The present invention is directed to a system such as a document retrieval system, and 
a methodology for identifying documents which can be applied to both textual documents as 
well as photographic documents or images. The invention is equally applicable to an image 
storing system for storing document in electronic media. Typically, document users identify 
desired documents by the file name or through keyword searches of computer text files. 
When many similar documents are stored, differentiating the various documents by file name 
in a meaningful way becomes difficult, if not impossible. The next step in differentiating 
documents is to supply document keywords or other groupings to indicate the information the 
documents contain or that are otherwise associated with the document (e.g., synonyms of 
terminology used in document, related concepts, etc.). These words or groupings can consist 
of keywords, or sentences which describe the information contained in the textual document. 
Similarly, images stored on electronic media can be differentiated from one another by the 
image's file name. These images can be further differentiated by their placement within the 
electronic media.
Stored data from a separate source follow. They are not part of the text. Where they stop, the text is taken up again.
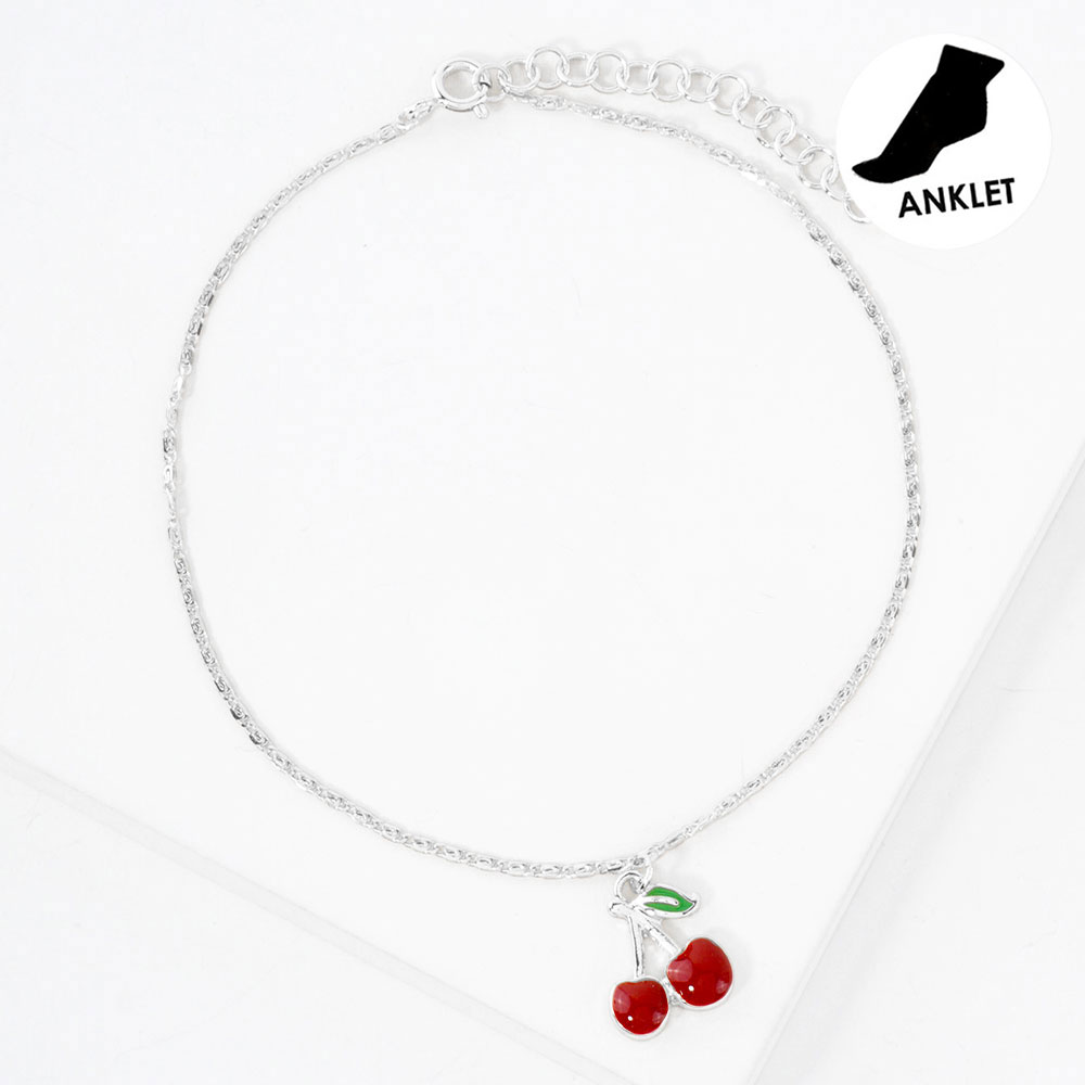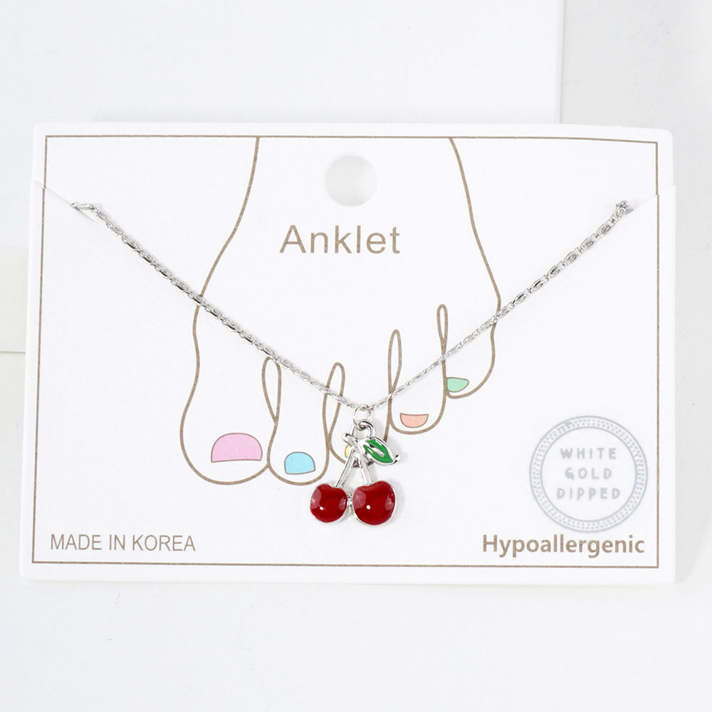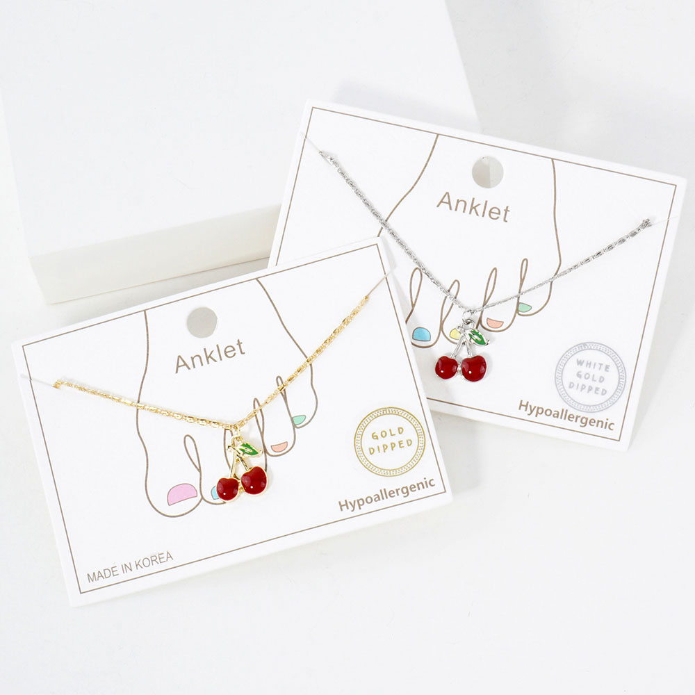Details • Size : 8.5" + 2" L • Charm Size : 0.7" L • Lobster Clasp Closure • One Side Only • Adorable cherry anklets dipped in gold and white gold. Hypoallergenic and perfect for a playful summer look. Made in Korea with delicate charm details. • Gold Dipped • Hypoallergenic • Lead and Nickel Compliant • Made In Korea
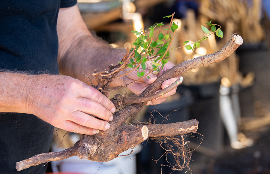 "This one is going to be stunning," he said, pointing out a trunk that stood upright but had several branches sweeping up dramatically from the trunk. "This might appear in our collections someday."
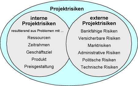 Projektrisiken können interner oder externer Natur sein (Bild 1). Während interne Risiken im Projekt selbst ihre Ursache haben und dort auch nachhaltig beseitigt werden können, liegen die Ursachen externer Risiken im Projektumfeld. Deshalb können Letztere häufig nicht oder nur teilweise ausgeschlossen werden. Es bleiben dann nur adäquate Vorsorgemaßnahmen. Je früher und genauer die spezifischen Risiken erkannt werden, um so größer sind die Chancen, sie in den Griff zu bekommen.
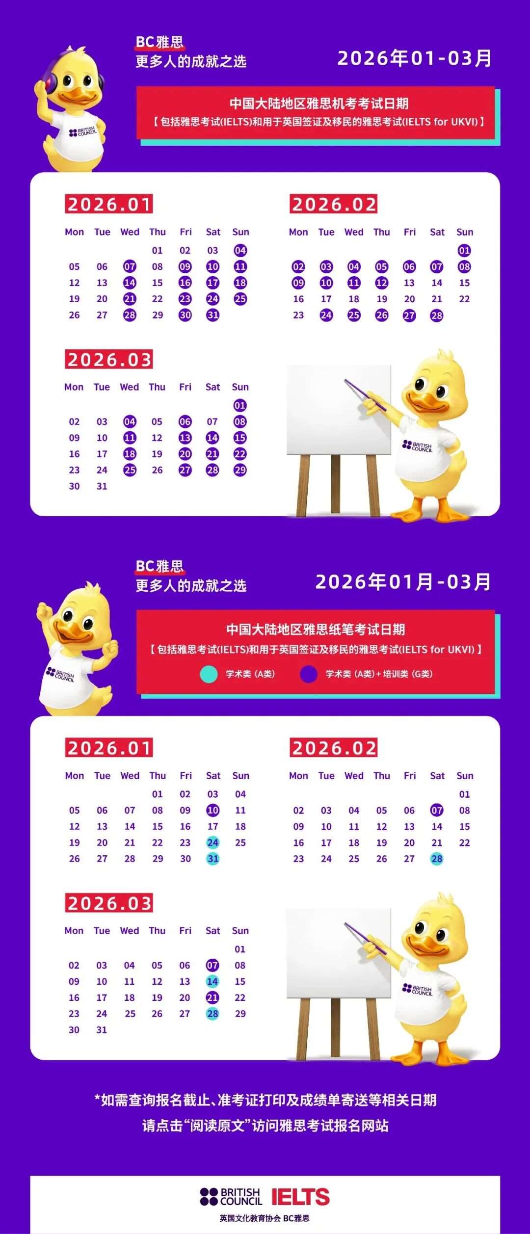 2026年雅思考试时间表(1-3月)
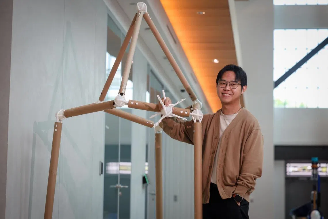 Centred around an elastic core, the stable joints can support beams of cardboard, plastic or other materials for tents or other structures of varying sizes and shapes, said inventor Reynard Seah, 27, a recent graduate of the NUS’ division of industrial design.
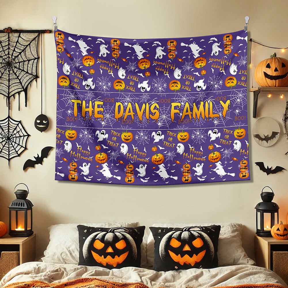 Accendete immediatamente l'atmosfera festiva e rendete la vostra casa il punto focale con questo accattivante motivo ad arazzo che incorpora elementi classici come lanterne di zucca, fantasmi, ragnatele, ecc. Che si tratti di una festa interna o di una decorazione esterna, può essere perfettamente integrato, aggiungendo un tocco di mistero e divertimento.
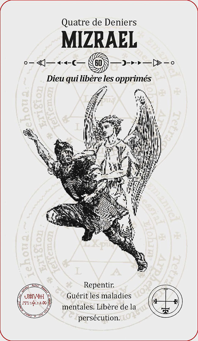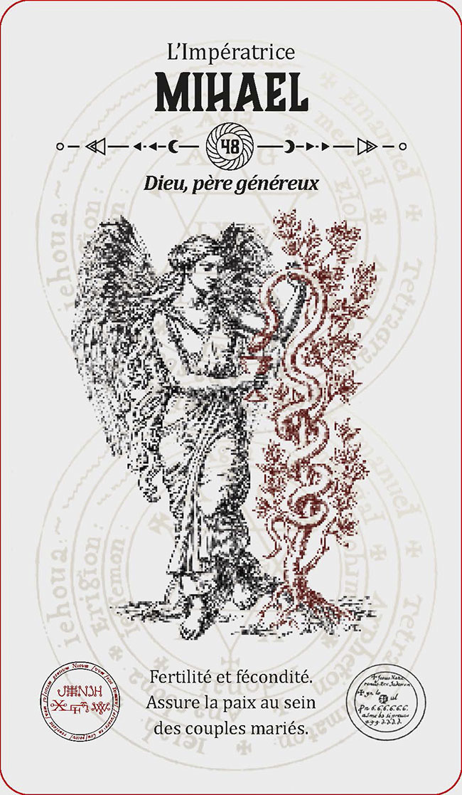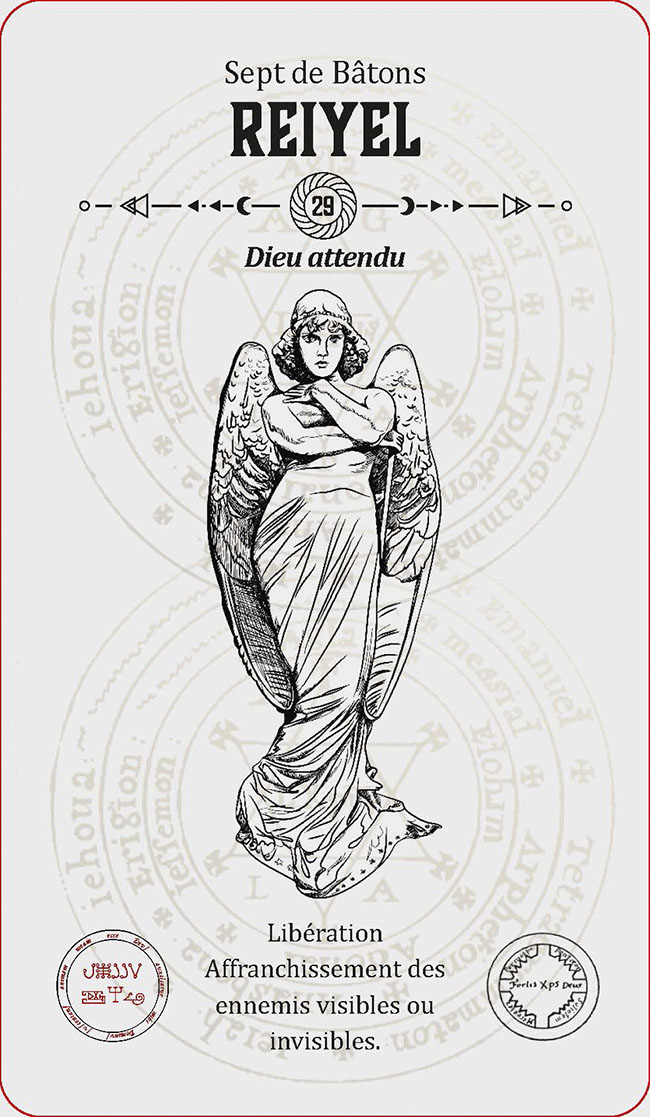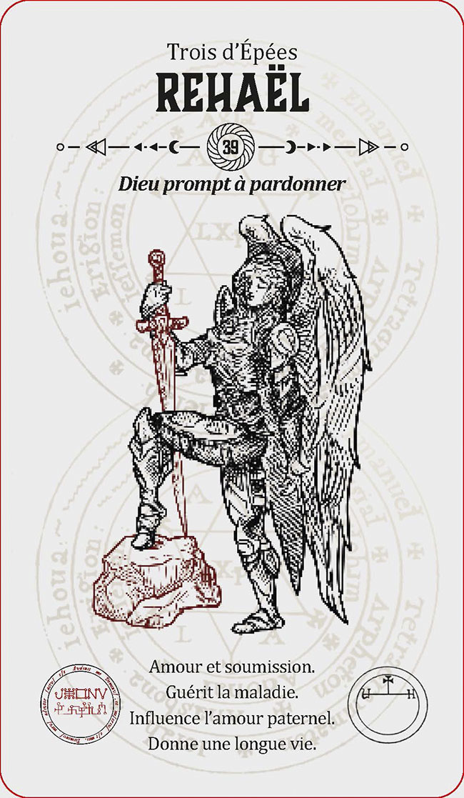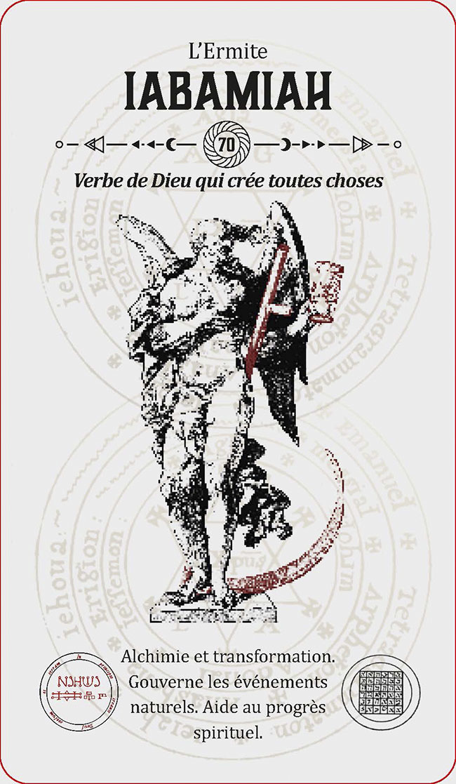 INTRODUCTION 1LA HIÉRARCHIE DES ANGES 3CONJURATION DES ESPRITS ANGÉLIQUES 7LE GRAND PENTACLE DE SALOMON 9INVOQUER ET CONGÉDIER LES ESPRITS ANGÉLIQUES 11UTILISER LE TAROT D'ÉVOCATION DES ANGES 17LE TAROT ANGÉLIQUE : SIGNIFICATIONS 23L'archange Michel :semblable à Dieu 25L'archange Métatron :l'ange archiviste 26L'archange Gabriel :Dieu est ma force 27L'archange Haniel :la grâce de Dieu 28L'archange Camaël :la rigueur de Dieu 29L'archange Uriel :le feu de Dieu 30Les 72 anges 311 Vehuiah : Dieu exaltant 322 Jeliel : Dieu secourable 333 Sitaël : Dieu de l'espoir 344 Elemiah : Dieu caché 355 Mahasiah : Dieu sauveur 366 Lelahel : Dieu louable 377 Achaiah : Dieu bon et patient 388 Cahethel : Dieu adorable 399 Haziel : Dieu de miséricorde 4010 Aladiah : Dieu propice 4111 Lauvuel : Dieu exalté 4212 Hahaiah : Dieu refuge 4313 Yezalel : Dieu glorifiésur toutes choses 4414 Mebahel : Dieu protecteur 4515 Hariel : Dieu réconfortant 4616 Hakamiah : Dieu qui érigel'univers 4717 Lauviah : Dieu admirable 4818 Caliel : Dieu invocable 4919 Leuviah : Dieu promptà écouter 5020 Pahaliah : Dieu rédempteur 5121 Nelchael : Dieu seul et unique 5222 Ieiaiel : la main droite de Dieu 5323 Melahel : Dieu qui dévie le mal 5424 Hahuiah : Dieu bon parlui-même 5525 Nith-Haïah : Dieu généreux 5626 Haaiah : Dieu écoutanten cachette 5727 Ierathel : Dieu prévenant 5828 Séheiah : Dieu qui prit le mal 5929 Reiyel : Dieu attendu 6030 Omael : Dieu patient 6131 Lecabel : Dieu qui enseigne 6232 Vasariah : Dieu juste 6333 Iehuiah : Dieu qui connaîttoutes choses 6434 Lehahiah : Dieu clément 6535 Chavakiah : Dieu de la joie 6636 Menadel : Dieu honorable 6737 Aniel : Dieu, seigneurde toutes les vertus 6838 Haamiah : Dieu, l'espérancede toute la Terre 6939 Rehaël : Dieu promptà pardonner 7040 Ieiazel : Dieu qui réjouit 7141 Hahahel : Dieu de La Trinité 7242 Michaël : semblable à Dieu 7343 Veualiah : Dieu, roi et souverain 7444 Ielahiah : Dieu éternel 7545 Sealiah : Dieu, moteurde tous les hommes 7646 Ariel : Dieu révélateur 7747 Asaliah : Dieu, juge juste 7848 Mihael : Dieu, père généreux 7949 Vehuel : Dieu grand et élevé 8050 Daniel : Dieu, jugemiséricordieux 8151 Hahasiah : Dieu, secretimpénétrable 8252 Imamiah : Dieu, caché dansl'obscurité 8353 Nanaël : Dieu qui abaisseles orgueilleux 8454 Nithaël : Dieu, roi des cieux 8555 Mebahiah : Dieu éternel 8656 Poïel : Dieu qui soutientl'univers 8757 Nemamiah : Dieu aimable 8858 Ieialel : Dieu qui entend leslamentations 8959 Harahel : Dieu omniprésent 9060 Mizrael : Dieu qui libèreles opprimés 9161 Umabel : Dieu élevéau-dessus de tous les noms 9262 Iah-hel : Dieu, être suprême 9363 Anaüel : Dieu infiniment bon 9464 Mehiel : Dieu vivifiant 9565 Damabiah : Dieu, fontainede sagesse 9666 Manakel : Dieu qui seconde etentretient toutes choses 9767 Eyael : Dieu, délice des enfantsdes hommes 9868 Habuhiah : Dieu, le plus aimabledes donateurs 9969 Rochel : Dieu qui voit tout 10070 Iabamiah : mot de Dieuqui crée toutes choses 10171 Haiaiel : Dieu, maîtrede l'univers 10272 Mumiah : Dieu, la finde toutes choses 103À PROPOS DE L'AUTEUR 105

For instance, distinct media or separate subdirectories within a media can 
be created which include only images of a certain subject matter. Thus, for example, if a user 
stores all their photographs on electronic media, a single diskette can be dedicated to vacation 
pictures from 1995, a separate diskette can be dedicated to vacation pictures from 1996, and a 
third diskette can be dedicated to pictures from the vacation in 1997. These storage 
techniques mimic traditional photo albums. Alternatively, subdirectories can be used on a 
single recording device (e.g., hard drive) to differentiate photographs from various time 
periods or vacations. The current invention builds and expands on these capabilities by 
allowing the user to associate spoken words, phrases or text extracted from an image with 
annotation on the textual or image document to identify documents, access the document, or 
differentiate the document among other unrelated documents. 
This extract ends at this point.